If Kavanaugh raped 200 women, he would be the most successful serial rapist in history, and there would no doubt have been enough evidence by now to prove any wrongdoing. The White House has stepped in to bring some order and help oversee that justice and the truth are at the heart of the FBI's investigation. The FBI has had a terrible last couple of years with scandal upon scandal including the misconduct of top officials who engaged in a coup attempt to prevent Trump from entering the office.

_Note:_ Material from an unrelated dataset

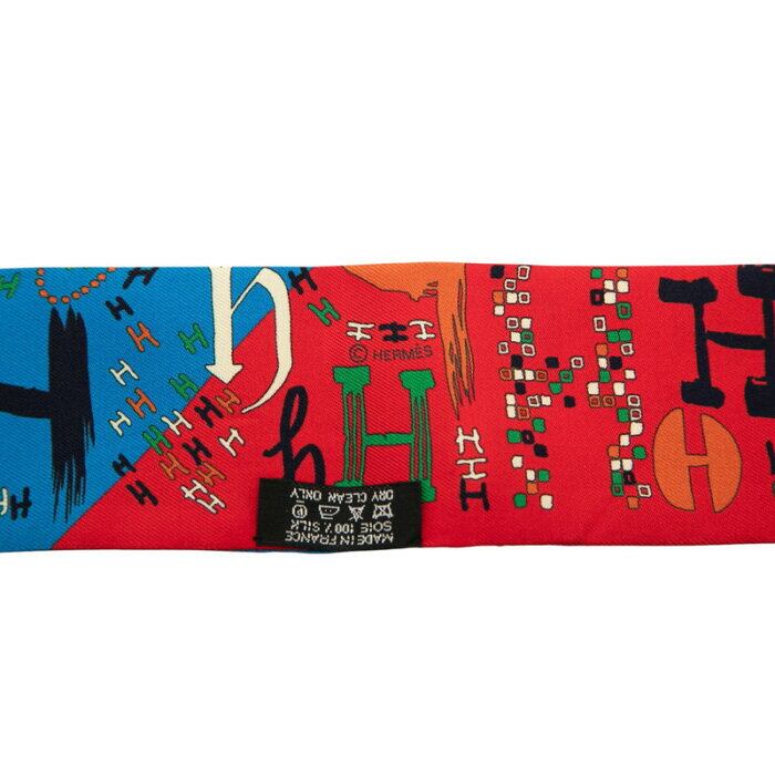 エルメス ツイリー 1001H 千と一のH スカーフ レッド ブルー マルチカラー シルク レディース HERMES 【中古】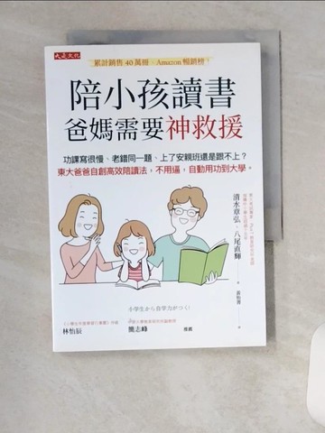 以下書況,主觀上皆可閱讀,若收到後不滿意,『都可退書退款』。 書況補充說明: B 自然泛黃書斑、髒污。 【購買須知】 (1)照片皆為現貨實際拍攝,請參書況說明。 (2)『賣場標題、內容簡介』為出版社原本資料,若有疑問請留言,但人力有限,恕不提供大量詢問。 (3)『附件或贈品』,不論標題或內容簡介是否有標示,請都以『沒有附件,沒有贈品』為參考。 (4)訂單完成即『無法加購、修改、合併』,請確認品項、優惠後,再下訂結帳。如有疑問請留言告知。 (5)二手書皆為獨立商品,下訂即刪除該品項,故『取消』後無法重新訂購,須等系統安排『2個月後』重新上架。 (6)收到書籍後,若不滿意,或有缺漏,『都可退書退款』。 [商品主貨號] U102818313 [代售商品編號] 102611700249 [ISBN-13碼] 9786267328323 [ISBN] 6267328325 [作者] 清水章弘, 八尾直輝, 黃怡菁 [出版社] 大是文化 [出版日期] 2023/08/30 [裝訂/規格] 平裝 / 272頁 / 14.8 x 21 x 1.36 cm / 普通級 / 單色印刷 / 初版 [目錄] 推薦序一? 這本書,讓你成為孩子的神救援/林怡辰 推薦序二? 陪讀know-how早知道,爸媽不會再抓狂/簡志峰 前言? 自學力,翻轉成績的關鍵 序章? 陪孩子讀書,爸媽需要神救援 1.?? ?逼孩子先解題,20分鐘後才能發問 2.?? ?「加油,再試試!」是無用的鼓勵 3.?? ?請家長耐心待在「守護區」 第一章? 不用拚命刷題,也能拿高分 1.?? ?刷題,不等於念書 2.?? ?直接抄答案,不是真用功 3.?? ?引導孩子自己找答案 4.?? ?ZCBA學習4階段,墊底變學霸 5.?? ?確認孩子的強項與弱科 6.?? ?利用身體記憶學更快 7.?? ?孩子勸不聽,家長該介入? 8.?? ?重複、歸納、具體,請這樣跟孩子對話 9.?? ?怎麼問考試結果,不尷尬? 10.?? ?讓孩子體驗被時間追著跑的感覺 11.?? ?起床、就寢、讀書都要規律 第二章? 跟東大爸爸學超強數學力 1.?? ?國小必學的5種數學力 2.?? ?四則運算,最強速解祕訣 3.?? ?算式和計算要分開寫 4.?? ?利用比例表,零秒解答 5.?? ?排列組合不要死背,動手畫 6.?? ?用直尺,畫平面圖、立體圖 第三章? 從生詞到閱讀,強化國語文能力 1.?? ?3大語文力,強化閱讀素養 2.?? ?文字,要「多重理解」 3.?? ?每天花15分鐘靜心寫國字 4.?? ?早就懂的詞彙,更要查字典 5.?? ?多用成語造句,作文就不難 6.?? ?練習起承轉合 7.?? ?表達自己的看法,從小到大都重要 第四章? 面對英文大魔王 1.?? ?英文只會越來越重要 2.?? ?用小尺寸筆記本背單字 3.?? ?搭配專用的點讀筆 4.?? ?市面好多學習App可參考 5.?? ?無痛學英文,可能嗎? 第五章? 新型考題的準備訣竅 1.?? ?基本學科,只是基礎 2.?? ?圖表、符號、文言文……最新試題攻略 3.?? ?升學關鍵:混合題型 4.?? ?資料及圖表,一次只能處理一個 5.?? ?親子一起寫200字作文 6.?? ?芝麻開門記憶法 第六章? 一句話神救援,孩子寫作業不拖拉 1.?? ?鼓勵的話,更要好好說 2.?? ?一邊稱讚,一邊偷渡「目標」 3.?? ?少說「你應該」、「我們要」 4.?? ?陪讀,也要見人說人話 5.?? ?越碎唸,孩子越不買單 6.?? ?家長要像「記者」 7.?? ?兩步驟,主動檢討考試成績 8.?? ?把平板電腦當教材,成效高 9.?? ?在客廳念書,讀書更專心 10.?? ?不遵守彼此約定,就要罰 後記 從「一根」筷子,養成東大思考 爸媽神救援,孩子潛力無限 [內容簡介] (出版商制式文字, 不論標題或內容簡介是否有標示, 請都以『沒有附件、沒有贈品』為參考。) ★累計銷售40萬冊、Amazon暢銷榜! ★日本朝日新聞電視節目熱烈迴響! ◎才看完題目,孩子想都不想就兩手一攤:我不會……。 ◎花錢上安親班,進度還是跟不上,爸媽只好親自教,但親子關係變很差。 ◎三催四請才願意寫作業,邊寫邊滑手機,常常寫到半夜! ◎拿到考卷胡亂訂正,完全不想這題到底錯在哪,下次又錯同一題! 各位家長陪小孩做功課時,也常為以上這些情境苦惱嗎? ?? ? 本書兩位作者清水章弘、八尾直輝,都是很會念書的東大高材生, 卻是在當了爸爸以後發現,陪小孩念書比當年自己考大學苦讀時更痛苦, 這題目明明這麼簡單,我的孩子怎麼可能不會? 於是他們共同創立了Plus T教育研究所,獨創ZCBA四階段學習法, 幫助許多中小學生從20分進步到80分、從墊底變班上前10、考上明星學校。 他說,陪孩子讀書不能只靠家長的碎唸,或是親力親為主動教, 而是要讓孩子願意自己解題目、找答案,培養自學力——翻轉成績的關鍵。 本書就是依據各種不同學習情境、不同學科,引導孩子自己念、寫作業不拖拉。 ◎不用拚命在安親班刷題,也能拿高分 ‧某些孩子的簡單,對其他人來說很難!但安親班不在乎。 作者獨創「ZCBA」,把學習程度分成以下4種: 完全不懂、須從旁協助、自己找答案、看完題目就會寫, 先確認你的孩子處在哪一種情境,再給方法。 ? ? 例如:當孩子處在完全不懂的階段,家長不能叫他自己想, 你得給指引:「先看看課本的第○○頁。」 ‧一問「你今天考得如何」,孩子就超反彈? 就算孩子考不好,不要馬上開罵,讓孩子自己說出「錯」在哪裡。 你得透過「重複、歸納、具體」3步驟,跟孩子對話,例如: 「你說你這次錯很多計算題,是嗎?」(重複孩子的話) 「會不會是你太著急?時間不夠用嗎?」(幫孩子歸納原因) 「哪裡寫錯?分數單元錯比較多,還是小數?」(找出具體答案) ? 這樣跟孩子對話,不管考好、考壞,彼此都不尷尬。 ◎東大爸爸這樣陪讀,快速打好國英數基礎 ‧解數學題目時,算式和計算要分開寫, 並多用等號,讓孩子從小建立A=B的邏輯思維; 出現很多

The FBI will be examining the allegations levied against Kavanaugh by Christine Blasey Ford and Deborah Ramirez, but the agency has been barred from investigating the claims of Julie Swetnick. Blasey Ford, testifying at a hearing Thursday that lasted four hours, revealed she was either playing an actor or was not competent enough to be teaching at a university - she didn't know what "on your behalf" meant. It wasn't just her absurd statements which raised eyebrows; body language reading professionals analyzed Ford's testimony and came to some interesting conclusions.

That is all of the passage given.